Моя революция. События 1917 года глазами русского офицера, художника, студентки, писателя, историка, сельской учительницы, служащего пароходства, революционера - стр. 92
Всю ночь лил и барабанил по крыше дождь. Было одно время очень холодно, и мне не спалось. К счастью, меня удостоил своей компанией котик Кузька, который грел мои ноги и вообще сообщал ночи частицу своего магического уюта. Зато рано утром он взобрался на стол в столовой и съел порядочный кусок «калитки» (сегодня они вышли еще вкуснее вчерашних).
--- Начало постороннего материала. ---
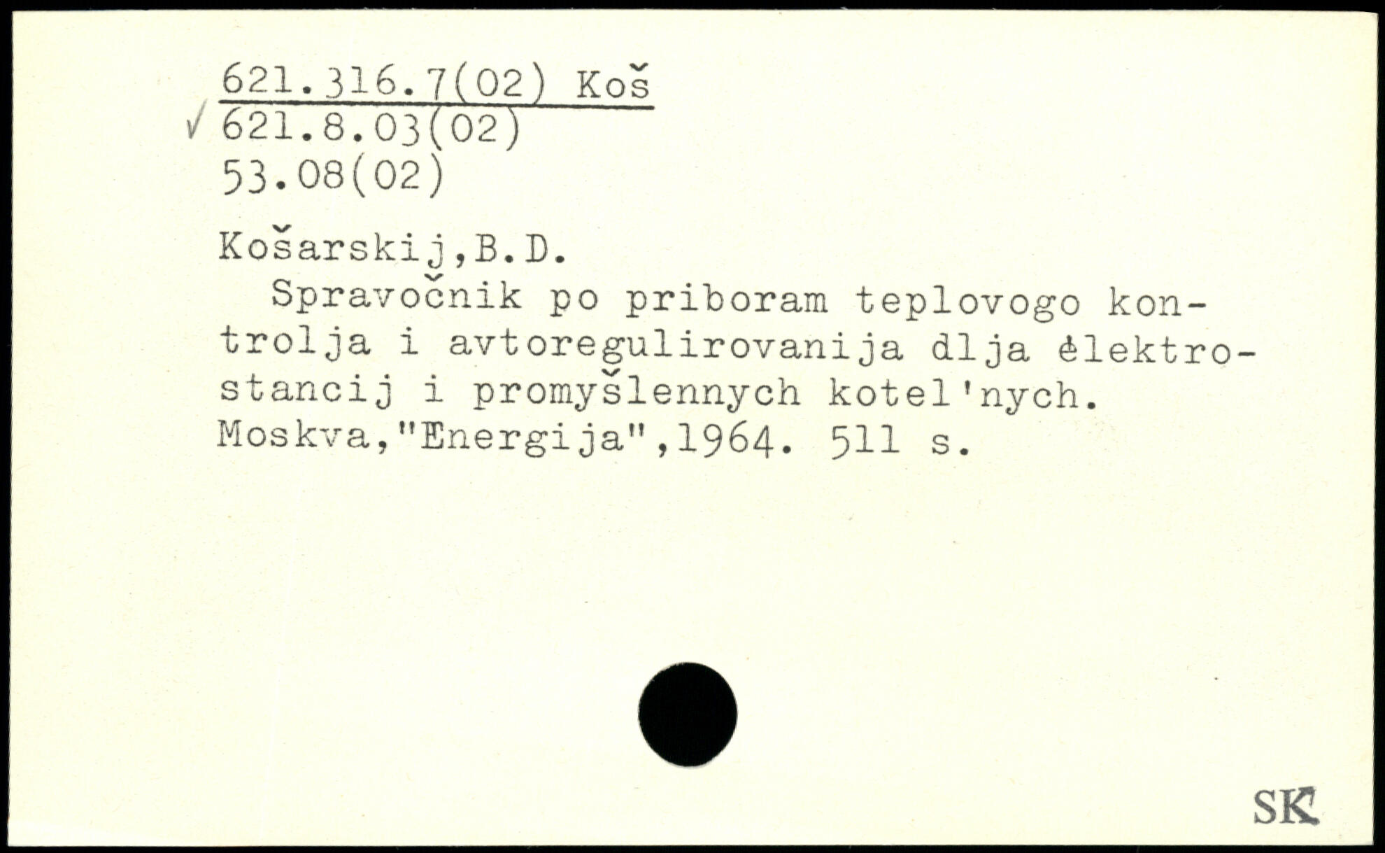 Spravocnik po priboram teplovogo kontrolja i avtoregulirovanija dija élektro-stancij i promyslennych kotel’nych. Moskva,"Energija”,1964. 5II s.
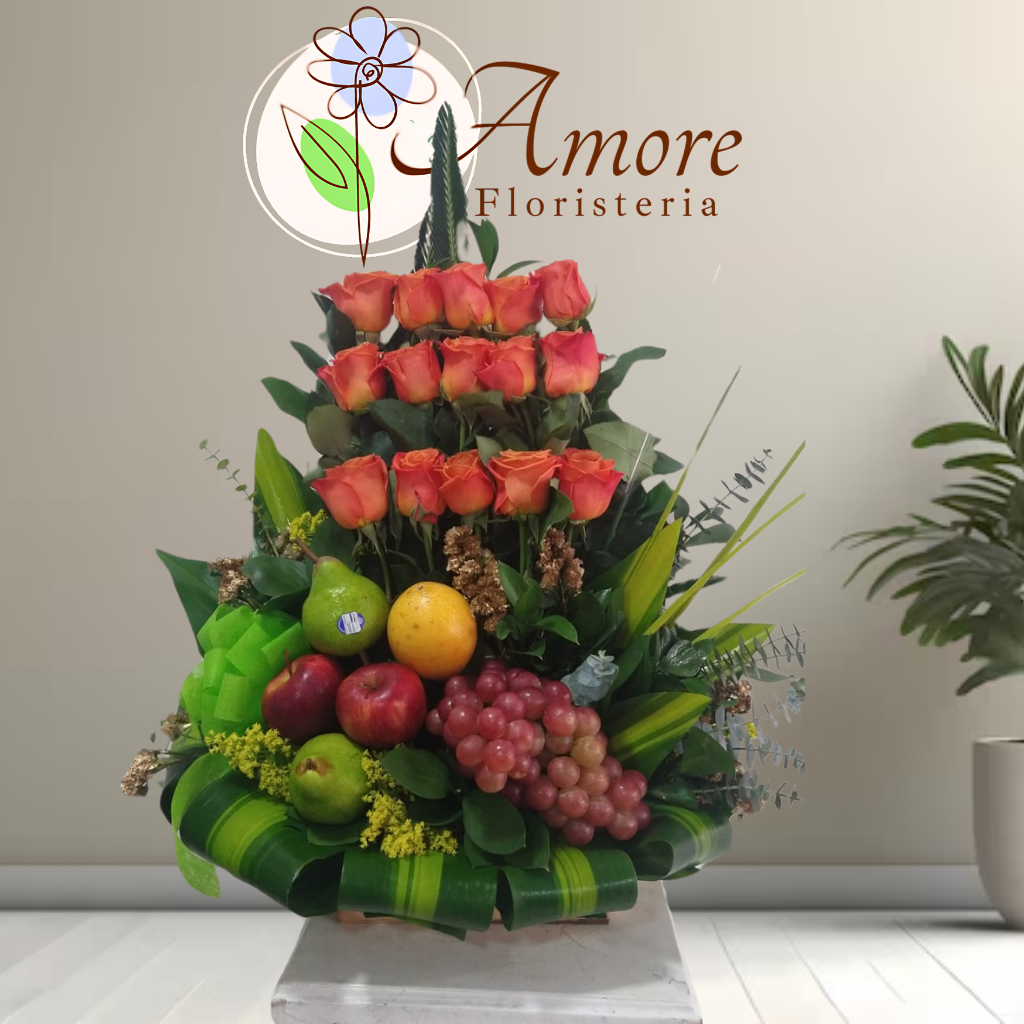 Este arreglo es ideal para celebrar logros y momentos importantes con un detalle abundante y llamativo. Su diseño vertical y la combinación de flores y frutas lo convierten en una excelente opción para transmitir prosperidad, reconocimiento y buenos deseos de manera elegante.

К кофе принесли сразу две газеты – вторая от пятницы. Больше всего поражает телеграмма Корнилова>151 с требованием «остановки» наступления и восстановления смертной казни, без которой он отказывается дальше командовать. И как странно, что как раз на эту телеграмму нет заслуживающих ее исключительного значения комментариев. Что значит «остановить наступление»? Или это опечатка – вместо «отступления»? Еще пробуют поднять издыхающего зверя? Глупости у нас и жестокости у англичан на это хватает. Узнавать приблизительную правду станет отныне еще труднее, ибо восстанавливается в прежнем объеме военная цензура. Из всяких мелочей меня поразило назначение круглого дурака А.А. Барышникова>152 товарищем министра и запрет Временного правительства ввозить заграничную обувь. Это в такой момент, когда тут же от имени какой-то фирмы сапожного товара заявляется, что – после всяких очередей и записей – может быть гарантирована пара сапог только одному из 30 записавшихся! Одновременно объявлено о выпуске еще двух миллиардов бумажных денег, и уж совсем откровенно говорится о неминуемом голоде, который местами в «благоденствующей и навеки обеспеченной» русской деревне уже и начался. <…>
<29 июля (16 июля) – 31 июля (18 июля)>
1 августа (19 июля). Среда. Три года, что длится эта мерзость! Акица, впрочем, убеждена, что она (война) кончится через две недели. Дай-то Бог! Дивный, яркий и прохладный день. Газета снова не пришла. Утром прошел красками этюд в Кривцове. Скорее удачно, как будто начинаю втягиваться. До обеда акварелью с натуры сделал этюд с нашей залитой солнцем столовой с двумя девочками, занятыми меткой белья. Днем еще набросал карандашом акварелью портрет с Акицы и Эрнста, занятых на балконе чисткой грибов. В промежутках читал «Жизнь пчел» Метерлинка и просто блаженствовал в ничегонеделании. Вечером любовались очень странными эффектами из-за тумана, поднявшегося с речки, впадающей в озеро у самой рощи. Очень хотелось заняться одним из этих мотивов: зеленый луг с группами кустарников, за ними густая вуаль тумана, ясные дали над ней, а в центре – оранжевая полная луна. Но присесть для работы было бы безумием из-за роев комаров. Чтобы хоть несколько избавиться от их осады, я предложил играть в горелки, кошки-мышки и проч. Участие приняли и Дуня (почему-то гуляющая с заплаканными глазами), ставшая совсем напористой Мотя и босоногая, потешная, но тоже очень оживающая Тэкла. Эта визжала за десятерых. Бесновались и прочие все. В результате Кока потерял свои часы, искали их целый час. Мы же с Акицей отправились спать.